Out came the photographs from Shanghai and Beijing. There were the usual scenic shots of boats near the wharves of the Huangpu River and the Bund of Shanghai. There were pictures of the visit to Tiananmen Square in Beijing, and, of course, the obligatory trek to the Great Wall. Above everything in the photos, however, was the haze.
China has burned coal since prehistoric times. There are references in ancient Chinese literature to “the rock that burns.” Right now, coal makes up about 65% of China’s primary energy consumption, for both electricity production and as boiler fuel in factories and space heating in housing stock, and China is both the largest consumer and producer of coal in the world. China’s coal consumption in 2003 was more than 1.53 billion short tons, or 28% of the world total. Even this figure may be on the low side, because there is much unlicensed, unregulated coal mining and usage in China that is not reported or reflected in national statistics. Thus, the Chinese government has made continuous upward revisions to its published coal production and consumption figures over the past few years.

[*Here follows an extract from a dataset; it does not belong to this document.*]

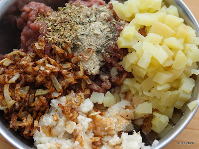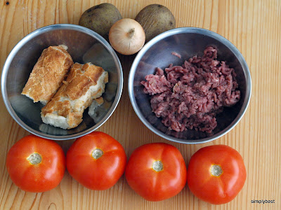 Some mince meat, old bread, cooked potatoes and a large onion.

According to The New York Times , China today burns more coal than the combined consumption of the United States, the European Union, and Japan. China has increased its coal consumption by about 14% in each of the past two years, and will continue to do so. Every 7-10 days, another coal-fired power plant begins to operate somewhere in China, with generating capacity sufficient to serve all of the households in a city the size of Tampa or Seattle.

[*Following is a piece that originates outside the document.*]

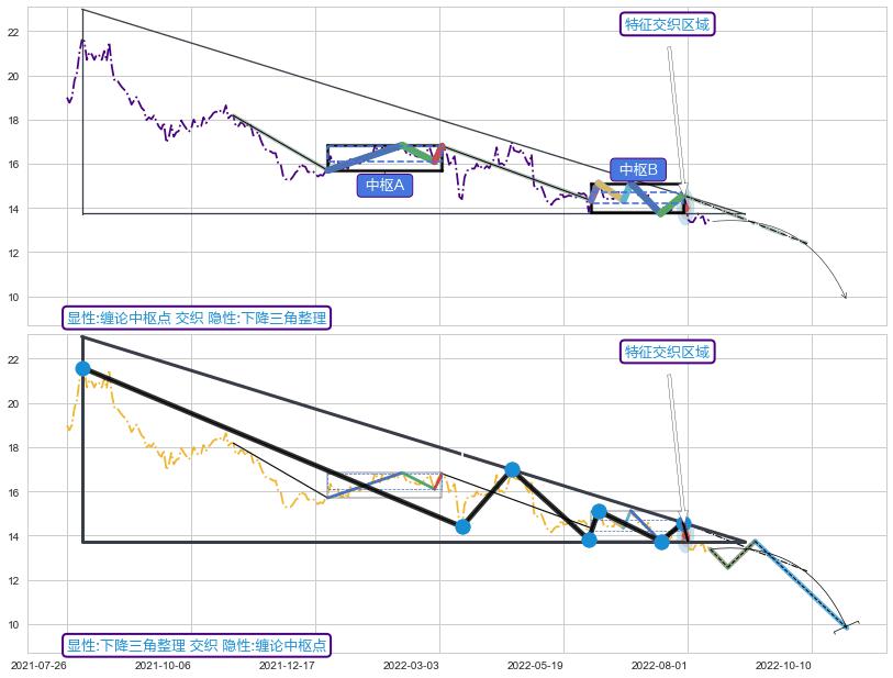 ➢ 缠论中枢点与下降三角整理信号事件周期长度级别相同,同周期信号事件

At the level of basic production, however, China’s coal mine fatalities exceed 5,000 a year (more than 100 per week, or about 15 fatalities per day), giving that nation the dubious distinction of holding the record as the world’s deadliest coal producer. The national government is attempting to reduce the numbers of mining fatalities by cracking down on small, and often illegal, mines in the country. But it is an unfortunate fact of economic life in that vast nation that local authorities in mining districts often collude with mine operators to cover up unlawful and hazardous operations. Many private and state-owned mines have been documented as flagrantly violating China’s rather lax safety regulations.
If China cannot find a way to clean up its coal plant emissions, to include the tens of thousands of factories and millions of housing units that burn coal, air pollution of every sort will accelerate to the point of causing as yet incalculable damages.